If it were reduced to just the first chapter it would make a semi-decent essay, but I have never been a fan of the song-by-song description mode that the rest of the book employs. It almost invariably becomes a boring enumeration: "oh yeah, this song is quite nice,", "oh yeah, this one's nice too". Much better to zigzag through the record and bind its themes (of which this one has plenty) together.
It’s a happy circumstance that recent in-depth remasters and reissues have managed to render some elements of the text obsolete (pertaining to the unavailability of many vaulted tracks), and a happier one that the book remains a solid look at an album that sank like a stone at the time as not fitting in and has since gained critical and commercial ground as being a perfect expression of its time, a portrait of an in-between England.
Well-researched and terribly written. Confusing who this is directed at; the author glosses over quite a bit of Kinks lore that seems relevant to anyone wanting to learn more about their most iconoclastic album, but then repeats ad nauseam how bold it was to be singing about nancy-boy Britannia in the time of rock and roll reinvention. Like yes thanks girlie that’s why I like this record in the first place — now can I have a crumb of context?
I am relatively new to Kinks fandom, so there was a lot to learn here about the group's career, their interpersonal dynamics, and the figure of Ray Davies in particular (and the influence of Rasa). TKATVGPS gets the accolades it deserves and their subsequent output is thrashed and mangled beyond recognition. Very complete with all the a-sides, b-sides and out-takes from the period between Something Else and Arthur.

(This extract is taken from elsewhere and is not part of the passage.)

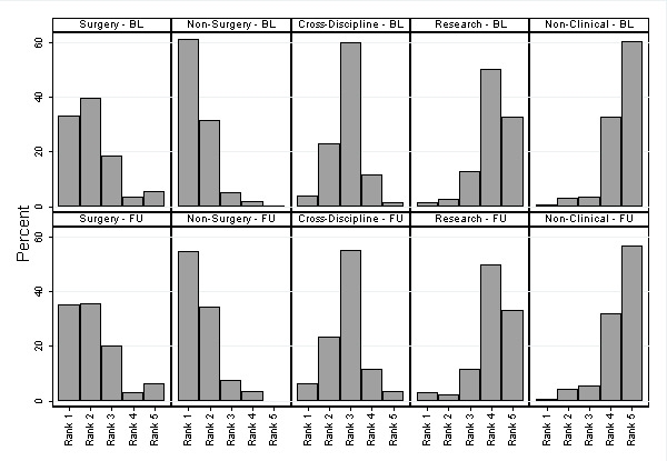 Following the VR intervention, an online questionnaire was sent out (www.surveymonkey.com) on the same day to all students; this included 19 questions regarding baseline characteristics, their expectations concerning future working environments, surgical career aspects, and their feedback on the VR intervention. The students were asked to rank again the five working environments (final ranking). Most items in the online questionnaire were not evaluated in the baseline questionnaire, because their importance was thought not to be related to the VR intervention. To reduce bias, the order of the answering options was randomly generated for each student. In the case of rating scale questions, answering options were labelled with 5 descriptors (e.g., 1 = very important, 2 = rather important, 3 = neutral, 4 = rather less important, and 5 = little important). There was no “not applicable” answering option, in order to force students to provide an answer. It was mandatory to answer all questions in order to be able to send back the questionnaire. If the questionnaire was not answered within a week, a reminder was sent out by e-mail every 7 days, until the study was closed in November 2012. Response to the online questionnaire was kept anonymous in order to increase the response rate. Linking individuals to the preceding short baseline questionnaire was, therefore, not possible.

A very useful and workmanlike history of the circumstances surrounding the making of one of the great albums of the 1960's, and a cogent track by track analysis of what makes the album work. I could probably have done without his detailed overview of the songs which The Kinks recorded contemporaneously with the album, and which may or may not have been part of a purported two record album which Ray Davies wanted to make, but that is a minor cavil.
This is the fourth book in the series and my least favorite so far. Partially because I'm not a big Kinks fan and partially because it was too much like a dry book report. I wanted more than just the facts. Nothing in this book made me care about either the album or the book. It's fine, but it's not for me.
Not one of the best of the series. Not one of the worst. It is very much just a track by track analysis including B-sides and unreleased songs recorded at the time. This author really hates “Plastic Man” with a vengeance. I actually don’t think it’s that bad. You won’t get much from this if you don’t know the album very well. For diehards only.
Man, just an exhaustive (and occasionally exhausting) journey through the minutiae of the songs that made this great album (as well as a number of the songs written by Ray Davies around the same time). For a mere 140 pages it feels and reads longer.
To my mind, this is one of the more successful books in the series, with an appropriate amount of attention on the history of the artist, the genesis and execution of the album, and the songs recorded for it.
An excellent history and critique of The Kinks' finest hour (though, at the time, it certainly seemed like anything but). Illuminating, insightful and extremely interesting.